Marathon sued over pipeline dispute



By Charley Gillespie
The Associated Press

COLUMBUS - The former general contractor of an underground fuel pipeline across southern Ohio has sued Marathon Ashland Petroleum for terminating its contract.

A lawyer for H.L. Crouse Construction said Marathon Ashland unfairly terminated the company's contract after the U.S. Army Corps of Engineers halted construction on the $100 million pipeline July 2 because of environmental violations.

"We stopped the project for one day to attempt to negotiate the completion of the work and Marathon Ashland's reaction was to terminate the contract," lawyer Michael Currie said Friday.

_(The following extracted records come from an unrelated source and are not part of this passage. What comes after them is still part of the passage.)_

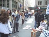 [Minh Huệ] Trong dịp Hội nghị Liên Hiệp Quốc lần thứ 59 tại Nữu ước, các đệ tử từ khắp nơi trên thế giới tập trung tại Nữu ước để giảng rõ sự thật sự thật về Pháp Luân Công và chính sách khủng bố Pháp Luân Công tại Trung quốc. Trước trụ sở Liên Hiệp Quốc và trên các con đường tại Manhattan, các đệ tử tổ chức những cuộc triển lãm, ký giấy thỉnh nguyện để kêu gọi chấm dứt chính sách khủng bố Pháp Luân Công tại Trung quốc và đưa Giang Trạch Dân ra trước công lý.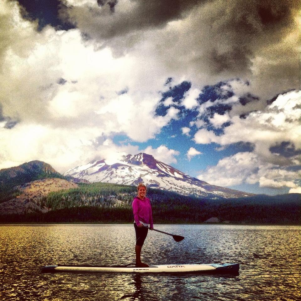 The Saturday after BOP I went with my husband Ed and two good friends up to one of the clearest Cascade Lakes you’ll ever see – Hosmer Lake. Sitting in an embrace of South Sister and Mt. Bachelor, just behind Elk Lake, Hosmer is a spring-fed lake is actually two small lakes connected by a short channel. In the crystal clear waters, you can easily see the trout and stocked Atlantic salmon that are the quarry of catch-and-release anglers here. We paddled across the first, wide section of Hosmer. Even though we’ve paddled here hundreds of times we could help but comment on the beauty, the wonder and how amazing it is to have this lake so close to home.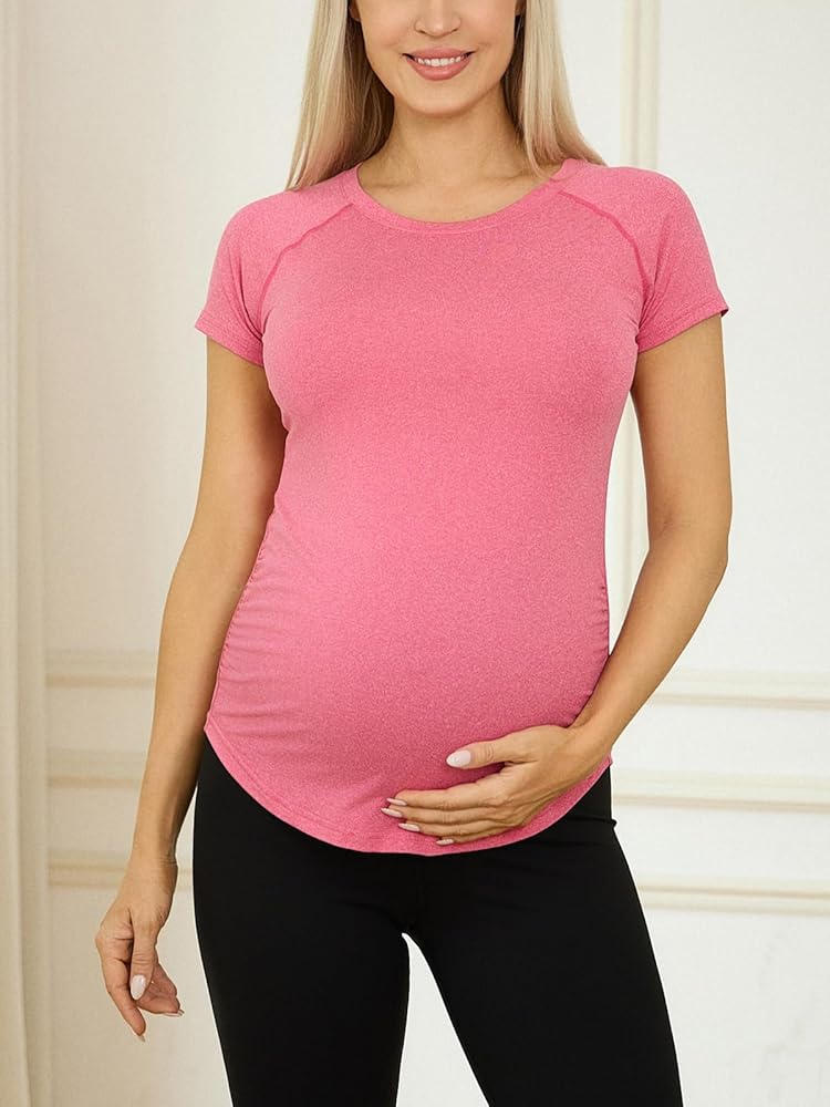 【نسيج مسامي】يُصنع هذا القميص المخصص للتمرين الخاص بالأمومة من نسيج ناعم وخفيف الوزن ومميز ماص للرطوبة، مما يبقيك منتعشًا ومرتاحًا، وهو مثالي للأم النشيطة التي ترغب في الحفاظ على لياقتها أثناء الحمل.

The construction company, based in Perrysburg in northwest Ohio, filed a breach-of-contract suit July 11 in Hocking County Common Pleas Court asking for up to $10 million in compensatory damages and $7 million in punitive damages.

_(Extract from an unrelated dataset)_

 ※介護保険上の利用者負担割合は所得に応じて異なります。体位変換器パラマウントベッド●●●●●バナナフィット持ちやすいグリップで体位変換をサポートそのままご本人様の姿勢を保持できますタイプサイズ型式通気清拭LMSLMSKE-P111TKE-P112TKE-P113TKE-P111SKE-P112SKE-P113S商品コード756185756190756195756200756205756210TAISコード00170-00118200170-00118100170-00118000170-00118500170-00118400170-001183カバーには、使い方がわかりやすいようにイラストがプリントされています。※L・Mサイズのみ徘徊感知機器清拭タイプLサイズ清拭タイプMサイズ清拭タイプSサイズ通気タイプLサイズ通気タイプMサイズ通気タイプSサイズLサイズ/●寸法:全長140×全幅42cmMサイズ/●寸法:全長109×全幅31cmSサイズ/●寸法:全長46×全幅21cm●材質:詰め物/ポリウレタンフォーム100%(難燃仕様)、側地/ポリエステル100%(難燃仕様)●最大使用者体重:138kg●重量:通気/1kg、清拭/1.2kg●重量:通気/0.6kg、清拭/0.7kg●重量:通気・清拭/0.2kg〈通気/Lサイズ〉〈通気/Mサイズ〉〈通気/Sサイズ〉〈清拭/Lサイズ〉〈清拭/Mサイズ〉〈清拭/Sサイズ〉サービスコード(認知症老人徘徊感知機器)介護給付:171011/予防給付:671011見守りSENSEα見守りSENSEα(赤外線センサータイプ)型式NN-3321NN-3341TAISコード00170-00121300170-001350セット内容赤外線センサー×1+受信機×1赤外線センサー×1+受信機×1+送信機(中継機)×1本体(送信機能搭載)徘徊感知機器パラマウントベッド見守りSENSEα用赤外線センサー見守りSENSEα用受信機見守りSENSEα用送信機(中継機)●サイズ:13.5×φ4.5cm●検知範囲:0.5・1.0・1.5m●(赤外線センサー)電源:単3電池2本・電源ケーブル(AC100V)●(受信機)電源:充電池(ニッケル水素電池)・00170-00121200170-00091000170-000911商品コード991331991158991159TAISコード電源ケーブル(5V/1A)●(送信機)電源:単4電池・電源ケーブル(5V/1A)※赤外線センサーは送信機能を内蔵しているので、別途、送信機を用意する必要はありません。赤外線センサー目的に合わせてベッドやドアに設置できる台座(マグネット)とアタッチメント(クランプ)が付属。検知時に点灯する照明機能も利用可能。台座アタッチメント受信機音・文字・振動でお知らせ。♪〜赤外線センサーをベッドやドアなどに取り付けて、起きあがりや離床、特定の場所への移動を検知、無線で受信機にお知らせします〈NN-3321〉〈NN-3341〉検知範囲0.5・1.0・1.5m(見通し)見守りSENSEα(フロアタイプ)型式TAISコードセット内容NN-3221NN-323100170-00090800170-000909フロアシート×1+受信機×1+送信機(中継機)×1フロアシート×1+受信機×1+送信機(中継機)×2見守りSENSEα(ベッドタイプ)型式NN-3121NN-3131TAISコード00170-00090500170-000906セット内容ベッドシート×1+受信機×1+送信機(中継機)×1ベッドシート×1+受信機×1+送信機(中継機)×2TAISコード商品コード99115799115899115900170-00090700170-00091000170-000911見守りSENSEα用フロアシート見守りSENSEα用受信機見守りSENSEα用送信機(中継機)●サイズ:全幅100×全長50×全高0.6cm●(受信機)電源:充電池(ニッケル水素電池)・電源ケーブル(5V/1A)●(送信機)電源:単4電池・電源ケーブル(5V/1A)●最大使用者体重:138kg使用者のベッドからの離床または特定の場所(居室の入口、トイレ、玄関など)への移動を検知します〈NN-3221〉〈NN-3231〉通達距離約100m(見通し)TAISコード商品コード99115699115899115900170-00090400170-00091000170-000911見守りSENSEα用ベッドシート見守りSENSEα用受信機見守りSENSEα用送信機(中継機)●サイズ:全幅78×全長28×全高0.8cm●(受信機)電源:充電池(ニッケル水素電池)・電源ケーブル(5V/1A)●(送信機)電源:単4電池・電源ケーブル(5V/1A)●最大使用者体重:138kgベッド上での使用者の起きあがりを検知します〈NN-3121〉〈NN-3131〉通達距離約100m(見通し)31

The company said the cleanup work to fix the violations added to cost overruns that Marathon Ashland refused to cover.

A spokeswoman for Marathon Ashland said Crouse voluntarily quit the job.

"We were disappointed when Crouse announced that they were voluntarily leaving the job," Jennifer Robinson said Friday. "They removed large equipment off the right of way. There was definite indication that they were leaving the job and it was voluntary."

Currie disagreed.

"We voluntarily shut the project down, but that is fundamentally different from saying you are not going to complete it," he said.

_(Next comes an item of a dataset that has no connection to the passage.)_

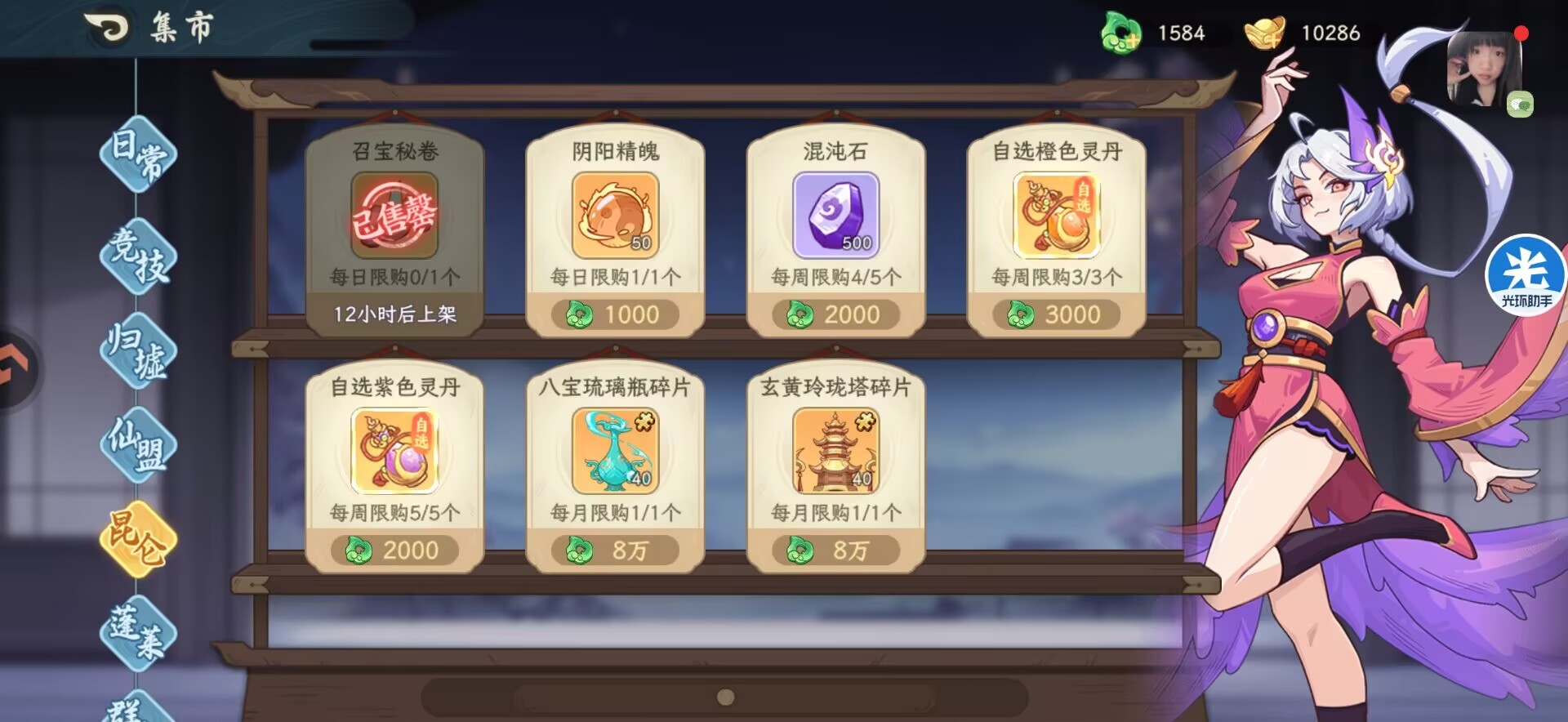 比如说:缺阴阳精魄升古宝的时候可以买。

Robinson would not comment on the lawsuit.

"We are going to have to let this part play out in the courtroom," she said.

Crouse said the environmental violations were the result of faulty measures designed by Marathon Ashland.

Just 29 miles remained on the 149-mile pipeline when the Corps suspended Marathon Ashland's permit because of repeated environmental violations, including letting construction mud and sediment seep into waterways.

The pipeline is to cross eight Ohio counties, sending gasoline, diesel fuel, jet fuel and kerosene from a Marathon storage terminal in Kenova, W.Va., to a terminal in Columbus.

Robinson said the company is negotiating with another contractor, which is expected to "be on the job in a few days."

The lawsuit won't effect completion of the pipeline, she said.